Desde esta quinta-feira, o Brasil enfrenta uma onda de calor sem precedentes, colocando 17 estados e o Distrito Federal em alerta. Temperaturas superiores a 40°C atingem regiões como Mato Grosso, Goiás, Tocantins, Minas Gerais e São Paulo.
Segundo o Instituto Nacional de Meteorologia (INMET), a situação crítica persiste até domingo devido a fatores climáticos que intensificam a secura do ar e elevam riscos de incêndios florestais com umidade entre 20% e 30%.
A combinação de calor intenso e baixa umidade impacta severamente a agricultura e aumenta a incidência de queimadas no Brasil central. Desde esta quinta-feira, estados das regiões Norte, Nordeste, Centro-Oeste e Sudeste veem suas atividades ao ar livre comprometidas.

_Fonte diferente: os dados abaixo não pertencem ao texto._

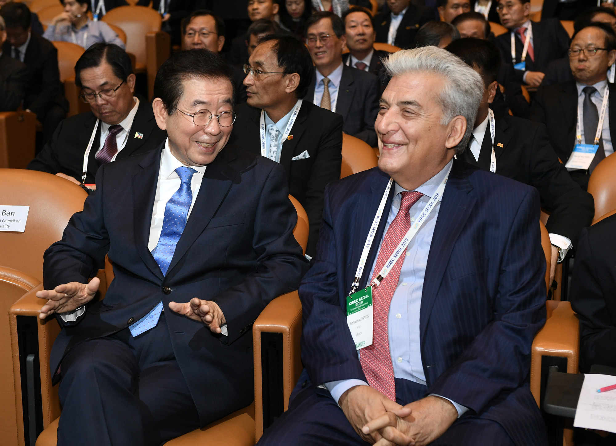 박원순 서울시장이 23일 오전 서울 강남구 코엑스에서 열린 제8회 세계재생에너지총회(KIREC)에 참석해 환영사를 하고 있다. 서울시 제공
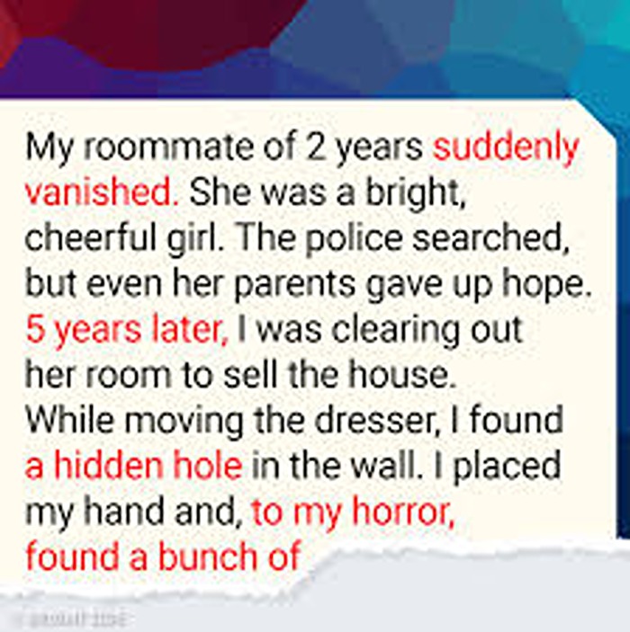 My roommate, who I lived with for 2 years, suddenly disappeared. She was a happy, cheerful girl. The police searched for her, but even her parents lost hope. Five years later, I was cleaning her room to sell the house. When I moved the dresser, I found a hidden hole in the wall. I put my hand inside and, to my horror, I found a bunch of notes that said, “If I ever disappear, you need to urgently look for me at Jake’s cabin in the mountains.”
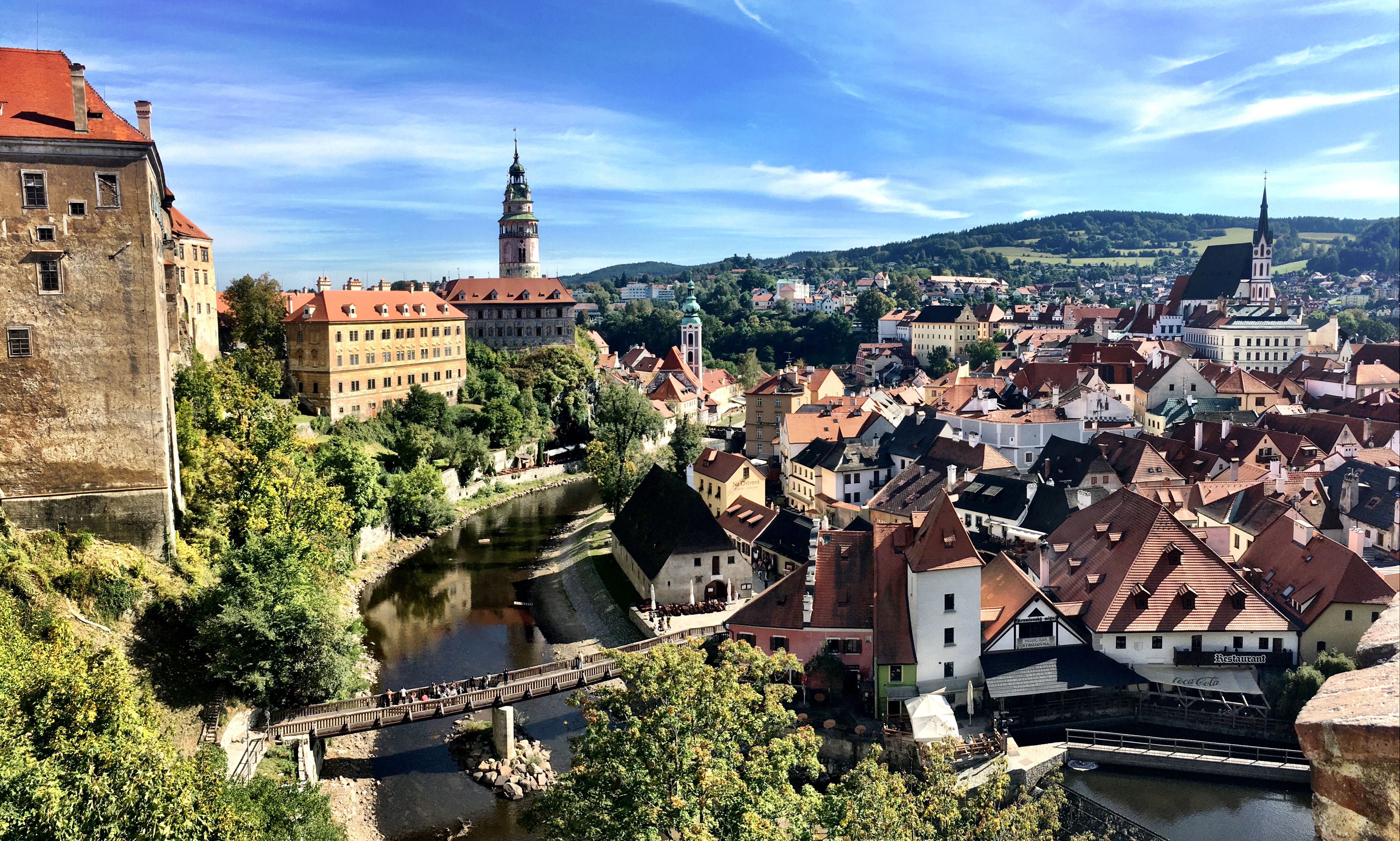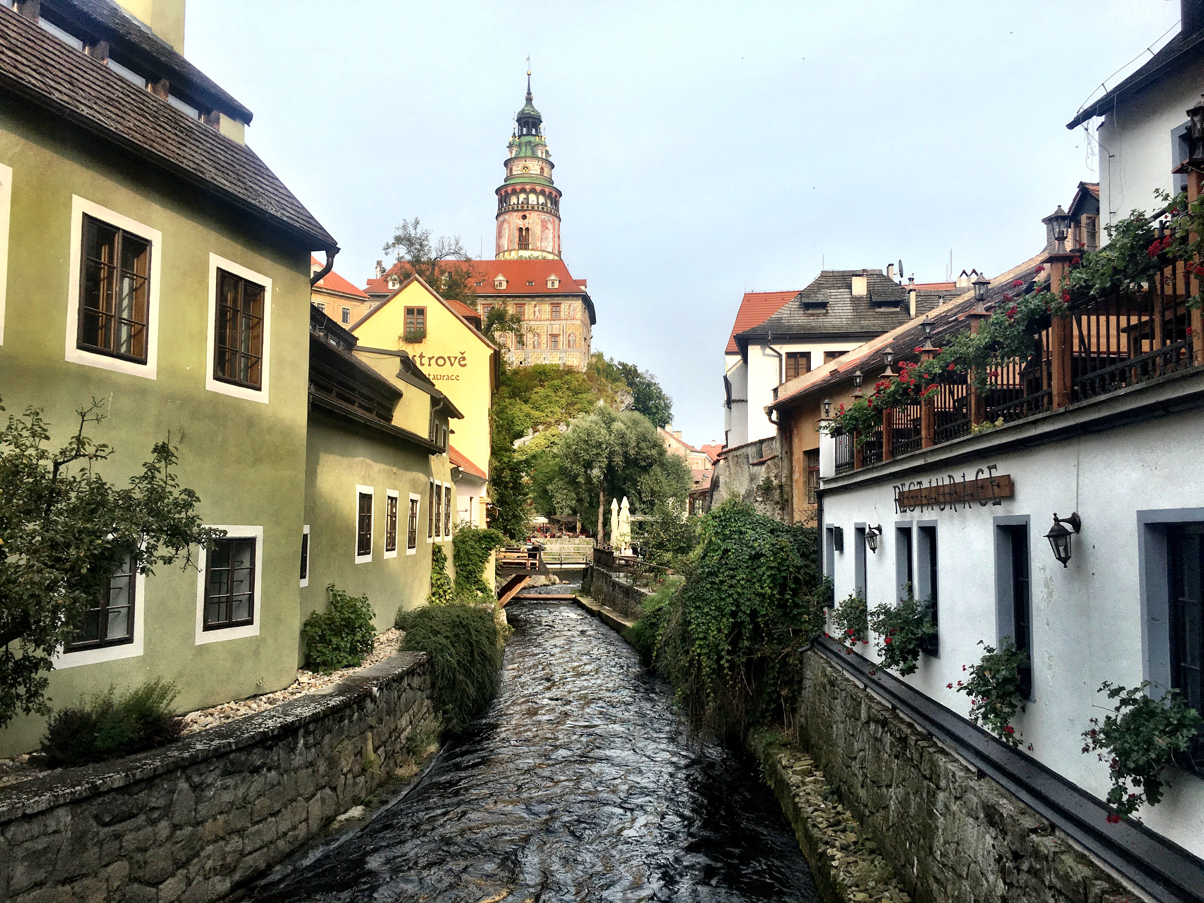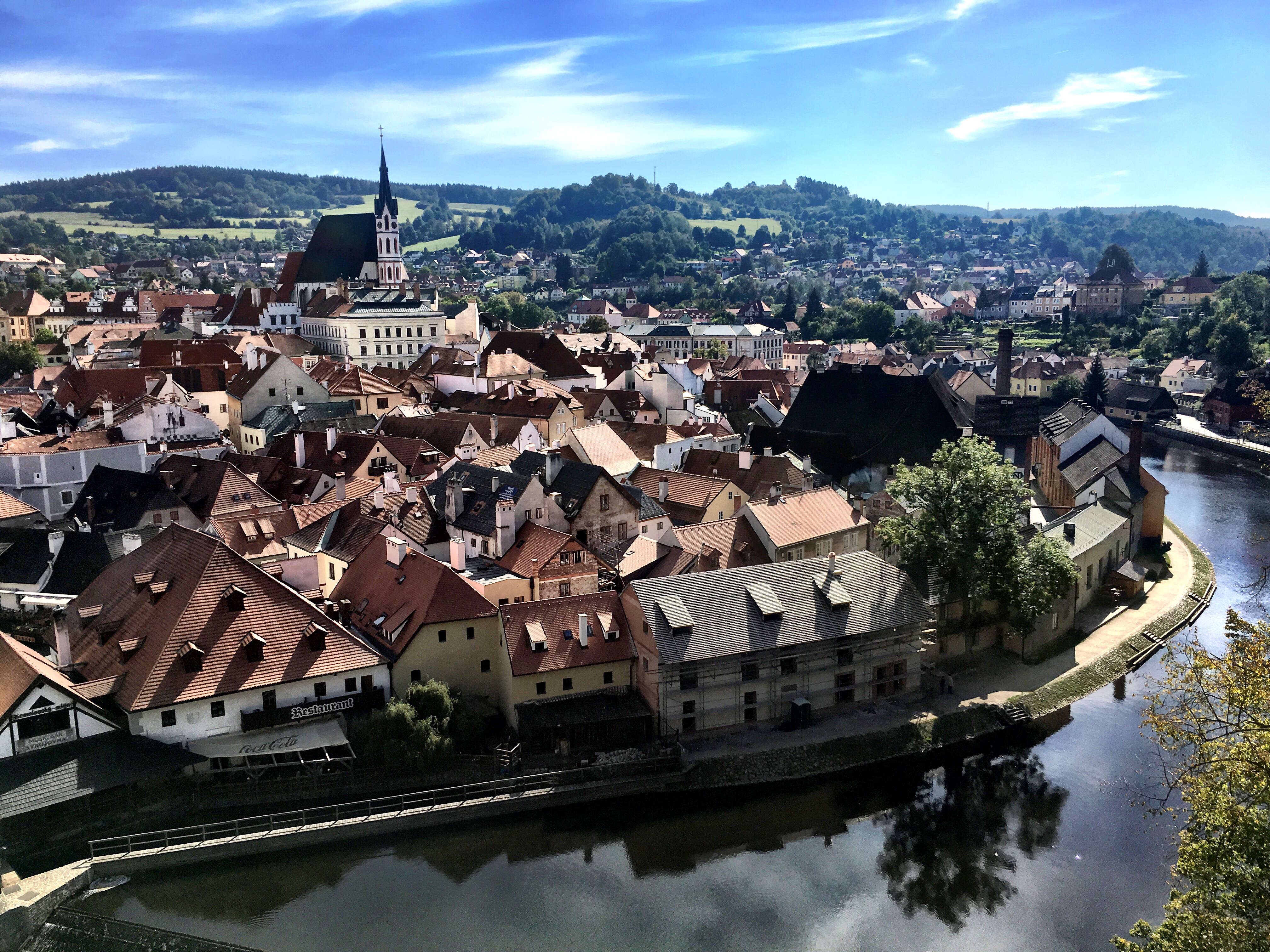 Krumlov is a Czech word that means “Meander”. The town was named after the river that “meander’s” it’s way through the city in a big “S” shaped loop. A large, baroque castle is built into the rock face on the North side of the river. From there, the entirety of Cesky Krumlov can be seen below. The flowing river, the green hills in the distance, and the whole town all squeezing into the space between your thumb and forefinger.

Autoridades locais, como secretarias de saúde estaduais, recomendam cuidado redobrado com a hidratação e evitar exercícios físicos nos horários mais quentes.
Agricultura em risco
Níveis alarmantes de seca prejudicam as colheitas em estados como Goiás e Mato Grosso, onde há aceleração na perda de umidade da vegetação. A situação desafia produtores no Triângulo Mineiro e no oeste paulista com custos operacionais crescentes.
No nordeste, Bahia e Maranhão sofrem com dificuldades adicionais em um cenário já árido. Autoridades orientam aumentar a hidratação e limitar atividades sob o forte calor.
Temperaturas extremas persistem
Cidades como Cuiabá, Goiânia e Palmas enfrentam recordes térmicos, com picos entre 42°C e 44°C até domingo. O ar permanece seco no Tocantins e no sul do Pará, com umidade caindo abaixo de 20%.
Na Bahia e Maranhão, a intensidade térmica é notável, mas o litoral recebe algum alívio devido à influência marítima.